Tanti sono i personaggi che il genio di Dante ha scolpito nella Storia. La Commedia è, infatti, una galleria di uomini e vicende che il Sommo Poeta ha consegnato, con i suoi versi sublimi, all’eternità. E nella prima cantica, quella che da sempre ha esercitato il maggior fascino sull’immaginario dei più, Dante tratteggia in modo del tutto personale – certamente magistrale – la figura di un antico eroe greco, nato dalla geniale mente di Omero e diventato ben presto un punto di riferimento per tutta la cultura folkrorica e mitopoietica occidentale. Ulisse – si era capito, no? – è il protagonista del XXVI canto dell’Inferno, nel quale sono puniti i consiglieri fraudolenti. Ma l’incontro con l’Itacense sarà particolare. Attraverso il suo racconto, infatti, Dante intende fare di lui il simbolo non della comune sete di conoscenza, bensì di quella vera e propria “ansia” per la conoscenza finale, l’ultima, quella che racchiude tutte le altre e le invera. Ma il monito del poeta fiorentino è perentorio: la ricerca guidata dalla superbia (quel peccato sempre presente nell’Inferno, leitmotiv reale dei peccatori e di Dante stesso), non guidata dalla Rivelazione, porta alla distruzione e alla rovina.
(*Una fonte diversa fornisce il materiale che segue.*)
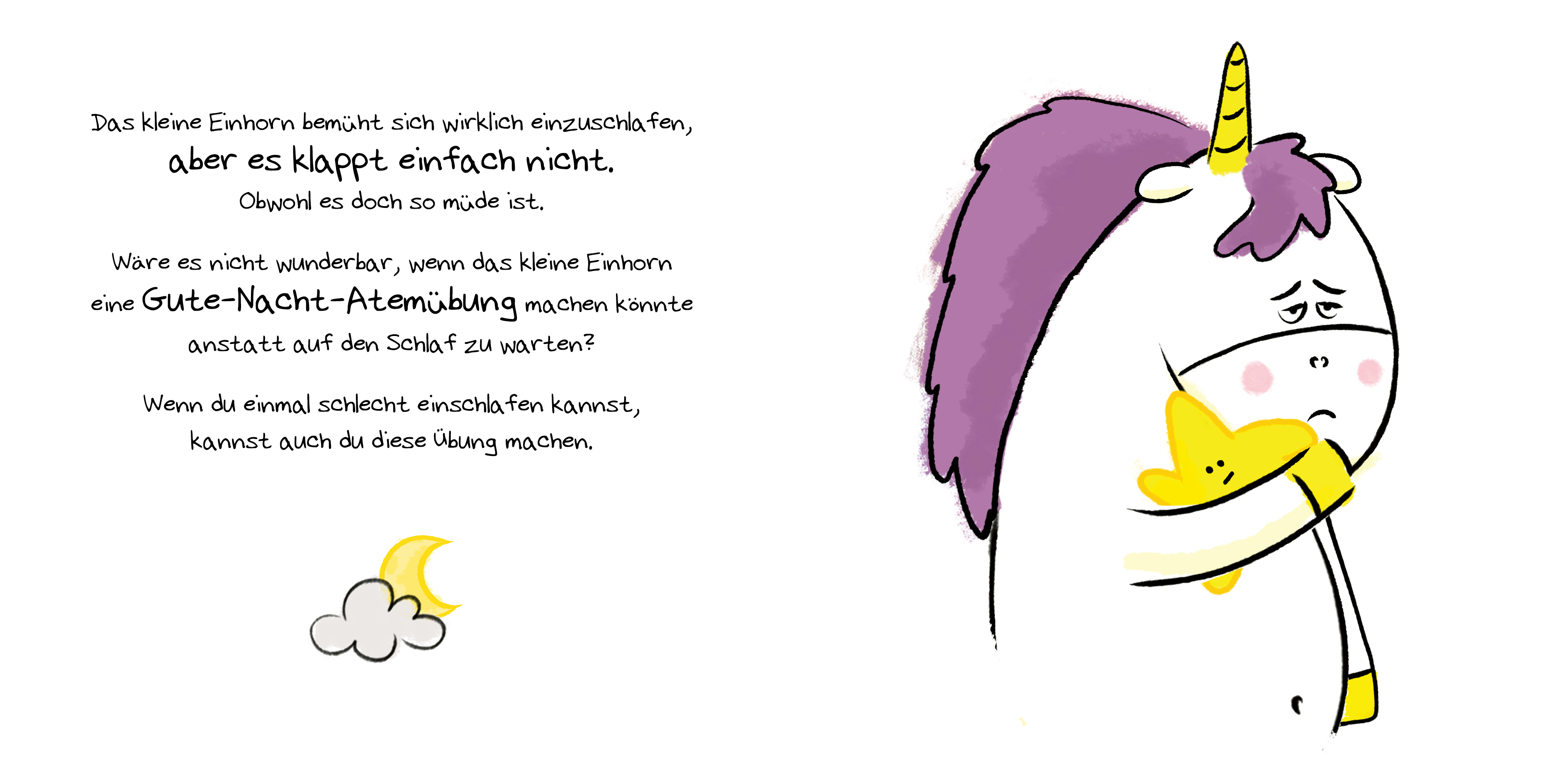 In diesem Band kann das kleine Einhorn einfach nicht einschlafen. Obwohl es schrecklich müde ist, dreht es sich immer wieder von einer auf die andere Seite. Vielleicht bringt ein magischer Sternenstaub ihm schöne Träume?

Li miei compagni fec’io sì arguti,
con questa orazion picciola, al cammino,
che a pena poscia li avrei ritenuti;
e volta nostra poppa nel mattino,
de’ remi facemmo ali al folle volo,
sempre acquistando dal lato mancino.
L’ orazion picciola, a cui fa riferimento Ulisse nel dialogo con Dante, è, naturalmente, quella sigillata dalla terzina forse più celebre di tutta la Commedia:
Considerate la vostra semenza:
fatti non foste a viver come bruti,
ma per seguir virtute e canoscenza.
Dante non condanna il desiderio di conoscenza dell’uomo (e ci mancherebbe altro, ci verrebbe da dire!), ma la sua ricerca deve necessariamente proseguire in compagnia di quell’unica virtù che può sconfiggere la superbia: l’umiltà. L’uomo deve essere in grado di riconoscere i propri limiti ed ha l’obbligo di rispettare quel confine che lo separa dall’ignoto. Il rapporto che qui si instaura è quello tra microcosmo (l’uomo) e macrocosmo ( l’Assoluto, che il poeta fiorentino identifica ovviamente nel Dio cristiano).
L’Ulisse dantesco altro non è che il simbolo dell’uomo che, accecato da una sete di conoscenza infinita, guidato dalla superbia, non impone limiti a se stesso. L’eroe greco non esita a cavalcare il mare per superare quelle Colonne d’Ercole che segnano il confine del mondo conosciuto. Le stelle in cielo e la terra all’orizzonte illudono l’eroe e i suoi fidi compagni; ma una violenta tempesta, proprio quando ormai sembrava fatta, risveglia le onde e rovescia la nave. Infin che ‘l mar fu sovra noi richiuso, narra l’Itacense, che con questo splendido endecasillabo sul destino dell’uomo tracotante chiude dialogo, storia e canto.
Ulisse non ha riconosciuto i suoi limiti. Ha tentato di sollevare l’estremo velo, del tutto in balìa della superbia e dell’eccessiva fiducia nel suo ingegno. La sua sete di conoscenza si è trasformata da positiva in negativa; è divenuta nient’altro che una corsa verso il nulla. Colui che è stato considerato un’anticipazione dell’uomo moderno, di Colombo, di Vespucci, cambia statuto nel XXVI canto dell’Inferno, innalzandosi a simbolo dell’uomo che insegue un’apparente forma di bene, capace in realtà di mortificare l’essenza specifica del genere umano. Risulta quanto mai indicativo l’aggettivo che Dante accorda alla missione di Ulisse, al suo volo: “folle”, infatti, rende meglio di qualsiasi altro vocabolo l’idea di un progetto destinato, fin dalla sua concezione, al fallimento.
L’eroe greco, nella sua sfida alle forze della natura, ha perso, ed è sprofondato nell’oceano. Oggi, la cieca fiducia nelle capacità dell’uomo e nella scienza rivive in alcuni scienzati che nel loro “folle volo” aprono le porte a nuove frontiere di esperimenti, come quello sulla manipolazione genetica. Manipolazione che, nascosta dietro la bandiera del progresso, sembra in realtà andare ben al di là di quelle Colonne d’Ercole che Ulisse aveva intenzione di superare. Uno studio che parte certamente da presupposti positivi (d’altra parte come il volo dell’Itacense), in grado, in linea teorica, di rendere migliore e più longeva la vita dell’uomo, ma che sembra voler superare certe barriere e lanciarsi verso un mondo che può mortificare l’essenza umana.